With the advancements in machine learning (ML) algorithms, microwave dielectric spectroscopy emerged as a potential new technology for biological tissue and material categorization. Recent studies reported the successful utilization of dielectric properties and Cole-Cole parameters. However, the role of the dataset was not investigated. Particularly, both dielectric properties and Cole-Cole parameters are derived from the S parameter response. This work investigates the possibility of using S parameters as a dataset to categorize the rat hepatic tissues into cirrhosis, malignant, and healthy categories.
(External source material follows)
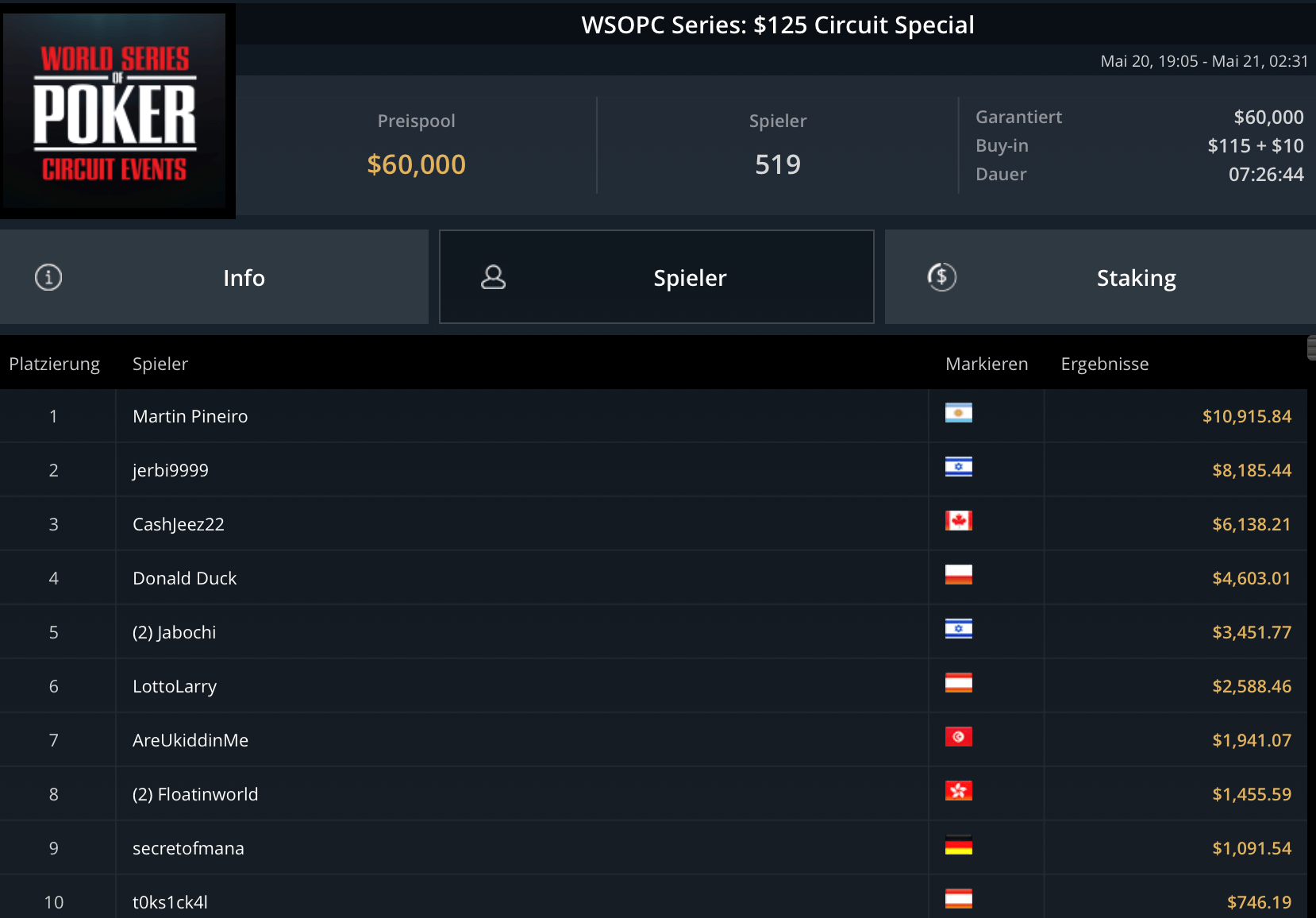 Auch Martin Pineiro konnte ein Turnier für sich entscheiden: Das $125 Circuit Special ging an den argentinischen Profi für $10.915. Hier ging es bei 519 Entries um die garantierten $60.000. Leonard „LottoLarry“ Maue wurde in diesem Turnier Sechster für $2.588.

Using S parameters can potentially remove the need to derive the dielectric properties and enable the utilization of microwave structures such as narrow or wideband antennas or resonators. To this end, in vivo dielectric properties and S parameters collected from hepatic tissues were classified using logistic regression (LR) and adaptive boosting (AdaBoost) algorithms. Cole-Cole parameters and a reproduced dielectric property data set were also investigated. Data preprocessing is performed by using standardization and principal component analysis (PCA). Using the AdaBoost algorithm over 93% and 88% accuracy is obtained for dielectric properties and S parameters, respectively. These results indicate that the classification can be performed with a 5% accuracy decrease indicating that S parameters can be an alternative dataset for tissue classification.

Highlights

  • DIELECTRIC PROPERTY discrepancy between healthy and diseased biological tissues enabled many different applications of electromagnetics in medicine including but not limited to microwave hyperthermia, microwave breast cancer imaging, and microwave blood glucose detection [1,2,3]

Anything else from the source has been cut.